◆ Records to process:

########

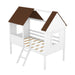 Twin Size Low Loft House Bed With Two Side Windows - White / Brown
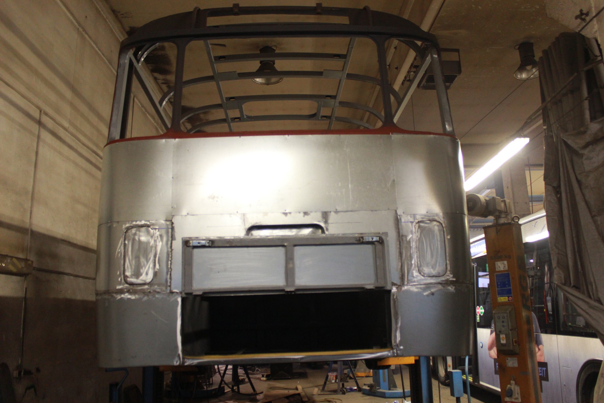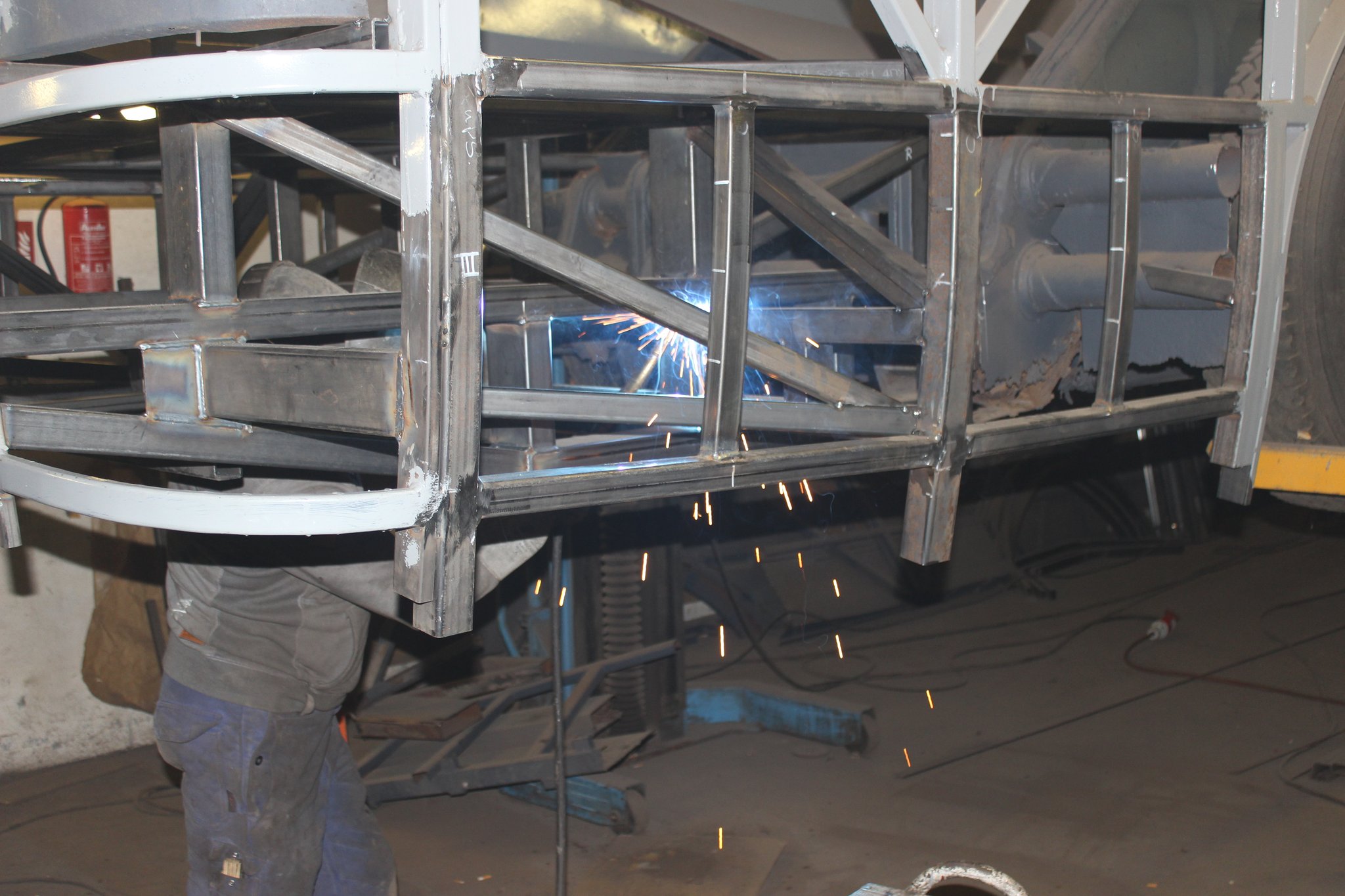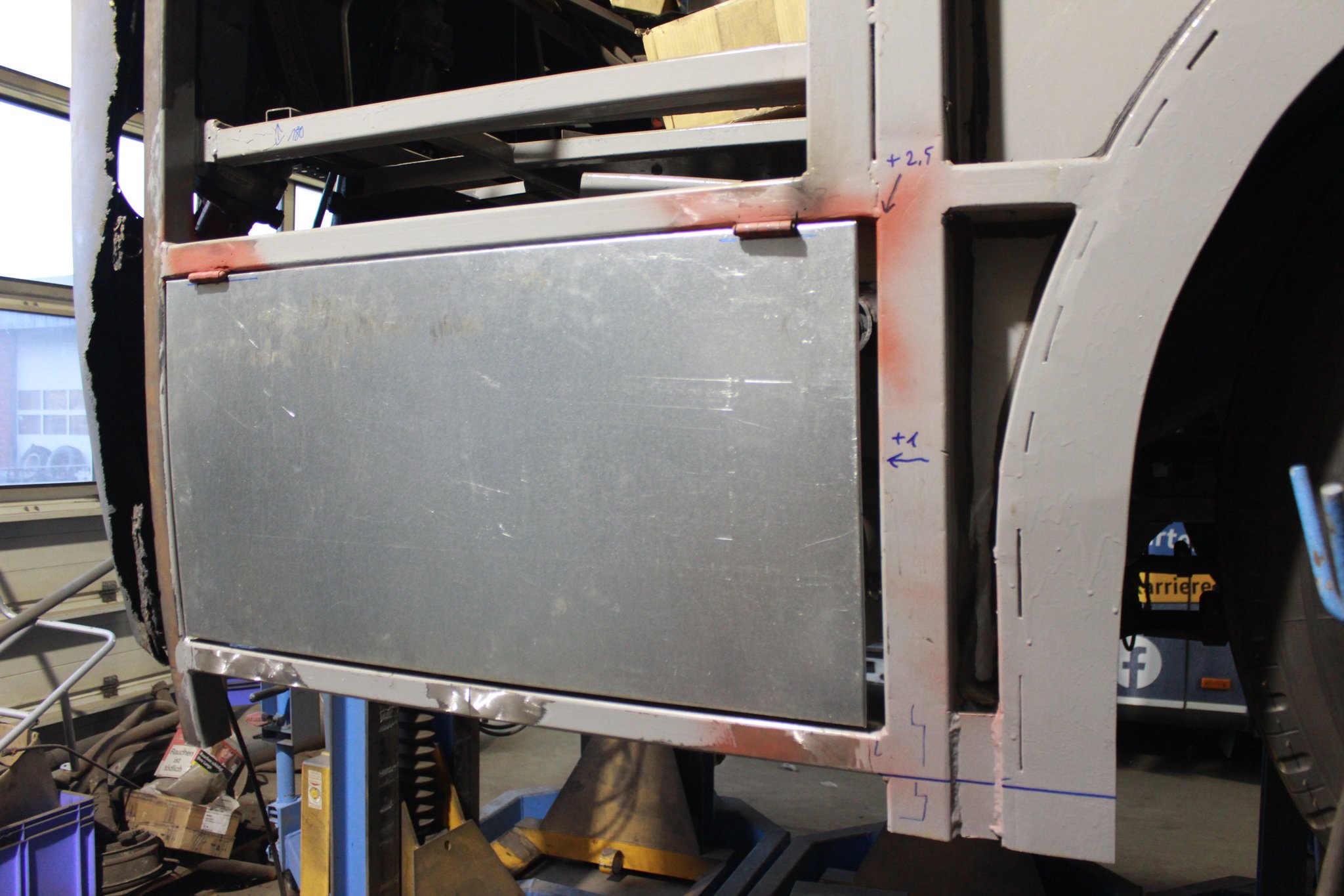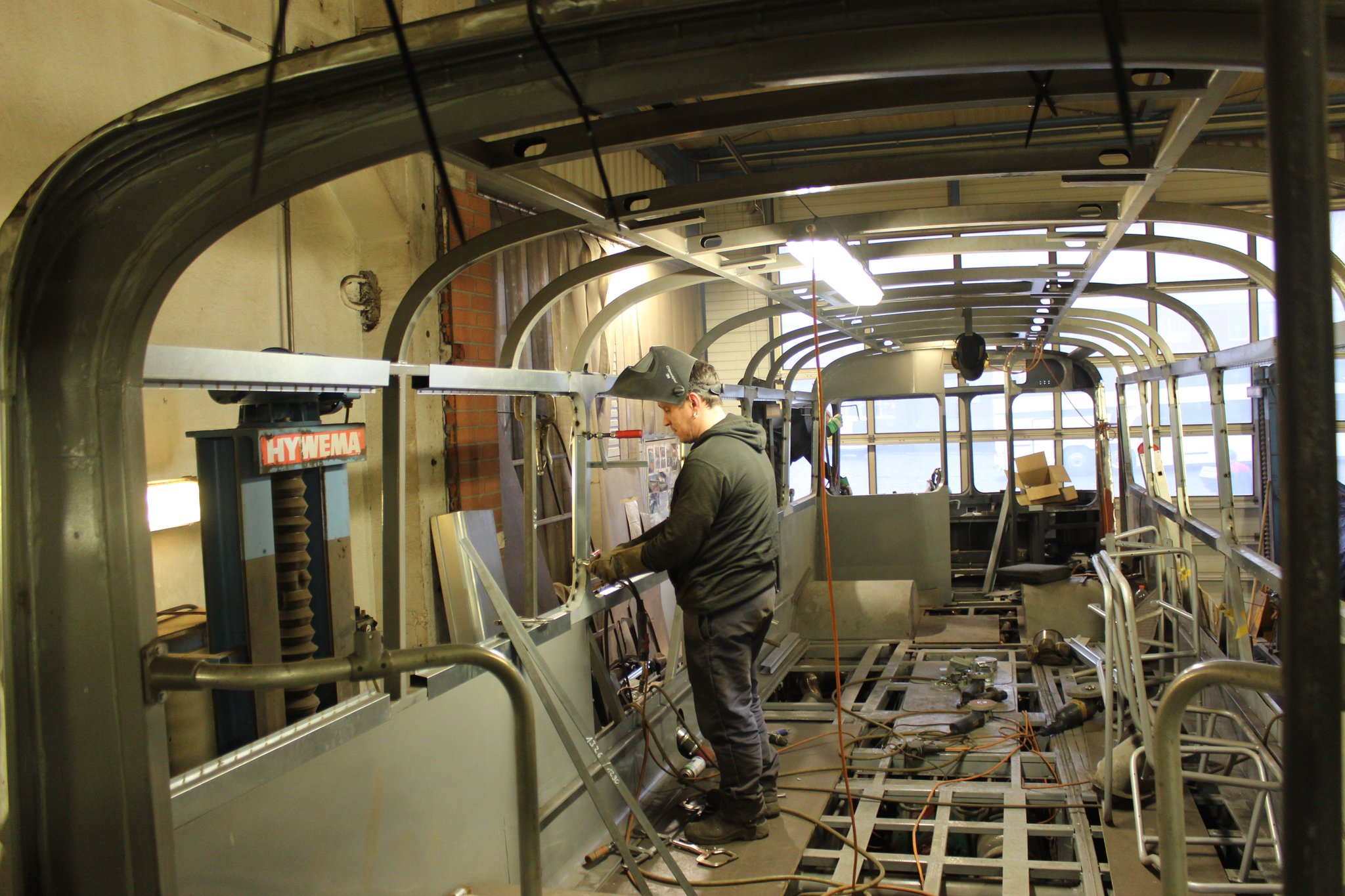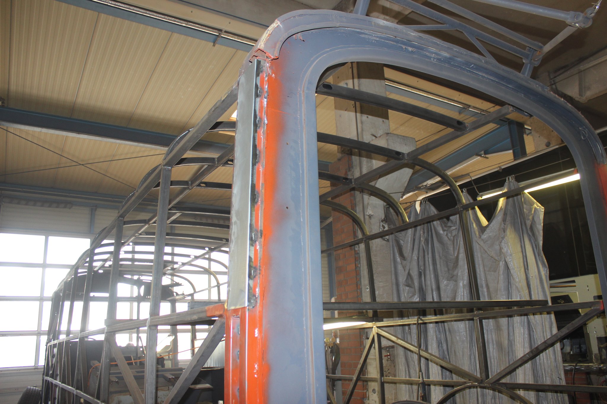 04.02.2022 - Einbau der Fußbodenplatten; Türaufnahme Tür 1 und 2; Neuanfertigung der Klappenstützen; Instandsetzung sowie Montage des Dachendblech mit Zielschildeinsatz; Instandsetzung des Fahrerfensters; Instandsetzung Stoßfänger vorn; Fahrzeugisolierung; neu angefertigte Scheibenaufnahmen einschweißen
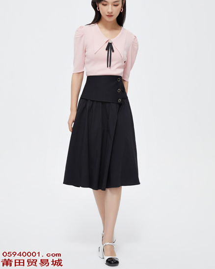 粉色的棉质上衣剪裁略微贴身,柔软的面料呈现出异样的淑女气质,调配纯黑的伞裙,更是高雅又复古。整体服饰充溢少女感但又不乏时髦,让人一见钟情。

########

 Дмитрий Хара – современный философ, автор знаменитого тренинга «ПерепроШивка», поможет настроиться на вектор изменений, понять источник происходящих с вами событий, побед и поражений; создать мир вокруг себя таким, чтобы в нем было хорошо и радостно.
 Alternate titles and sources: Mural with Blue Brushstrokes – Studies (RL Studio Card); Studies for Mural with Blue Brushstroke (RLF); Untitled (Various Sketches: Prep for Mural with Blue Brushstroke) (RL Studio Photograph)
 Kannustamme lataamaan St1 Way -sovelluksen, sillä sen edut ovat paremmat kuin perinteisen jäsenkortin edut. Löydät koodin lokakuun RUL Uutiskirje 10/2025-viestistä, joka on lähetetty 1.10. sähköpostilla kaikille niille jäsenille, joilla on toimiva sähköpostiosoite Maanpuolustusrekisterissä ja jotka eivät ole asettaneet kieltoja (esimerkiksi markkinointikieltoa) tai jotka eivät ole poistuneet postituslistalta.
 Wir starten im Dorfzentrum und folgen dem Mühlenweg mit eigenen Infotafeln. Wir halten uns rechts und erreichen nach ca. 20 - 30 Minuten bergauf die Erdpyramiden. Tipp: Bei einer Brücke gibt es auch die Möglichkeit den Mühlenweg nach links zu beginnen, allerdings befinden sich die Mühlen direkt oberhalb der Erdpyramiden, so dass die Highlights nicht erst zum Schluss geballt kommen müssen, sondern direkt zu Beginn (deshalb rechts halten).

########

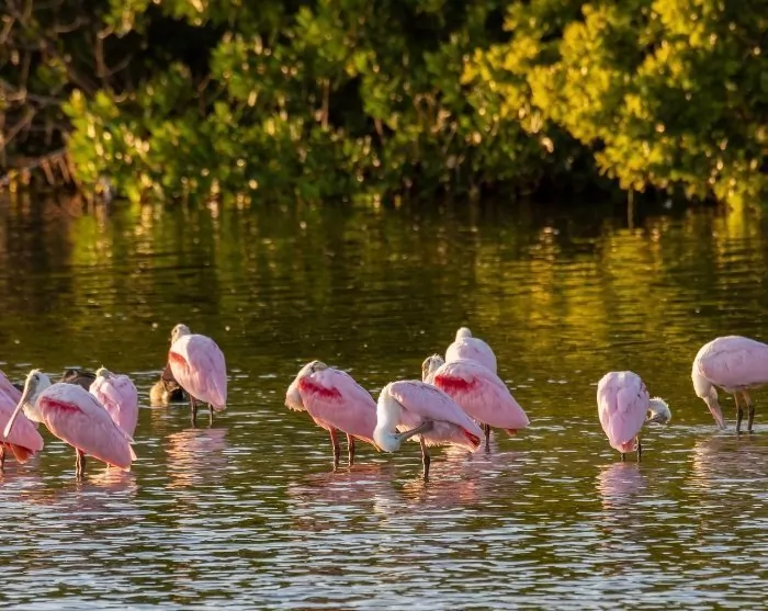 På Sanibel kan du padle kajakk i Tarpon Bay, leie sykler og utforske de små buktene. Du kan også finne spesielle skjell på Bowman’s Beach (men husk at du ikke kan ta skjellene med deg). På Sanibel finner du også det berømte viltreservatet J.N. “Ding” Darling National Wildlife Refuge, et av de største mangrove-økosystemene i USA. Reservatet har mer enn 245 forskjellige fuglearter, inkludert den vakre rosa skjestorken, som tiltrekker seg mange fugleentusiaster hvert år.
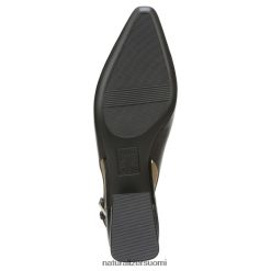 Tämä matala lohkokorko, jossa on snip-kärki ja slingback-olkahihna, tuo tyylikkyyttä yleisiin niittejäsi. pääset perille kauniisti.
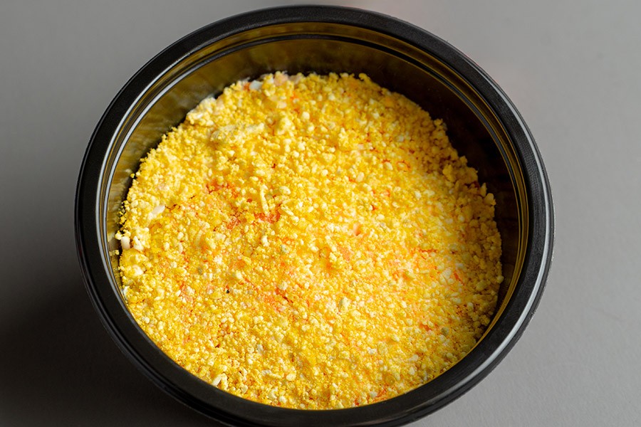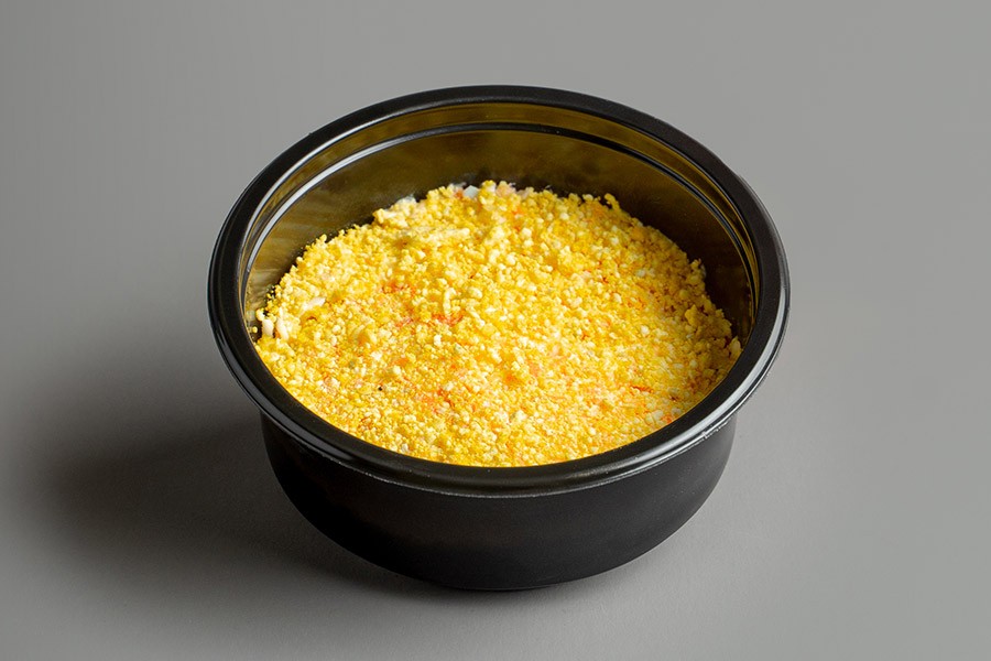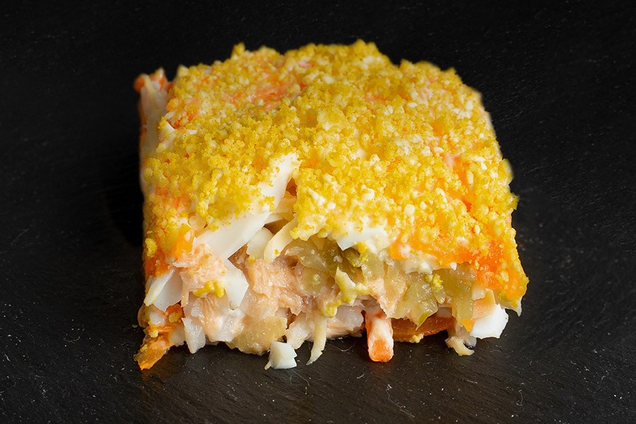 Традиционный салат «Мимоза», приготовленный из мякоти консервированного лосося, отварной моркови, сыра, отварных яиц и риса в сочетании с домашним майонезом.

########

◆ Work task: The reply should hold exactly the lines above, starting at the line with "På Sanibel kan" and ending at the line with "с домашним майонезом.", and no pictures.

◆ Task answer:
 På Sanibel kan du padle kajakk i Tarpon Bay, leie sykler og utforske de små buktene. Du kan også finne spesielle skjell på Bowman’s Beach (men husk at du ikke kan ta skjellene med deg). På Sanibel finner du også det berømte viltreservatet J.N. “Ding” Darling National Wildlife Refuge, et av de største mangrove-økosystemene i USA. Reservatet har mer enn 245 forskjellige fuglearter, inkludert den vakre rosa skjestorken, som tiltrekker seg mange fugleentusiaster hvert år.
 Tämä matala lohkokorko, jossa on snip-kärki ja slingback-olkahihna, tuo tyylikkyyttä yleisiin niittejäsi. pääset perille kauniisti.
 Традиционный салат «Мимоза», приготовленный из мякоти консервированного лосося, отварной моркови, сыра, отварных яиц и риса в сочетании с домашним майонезом.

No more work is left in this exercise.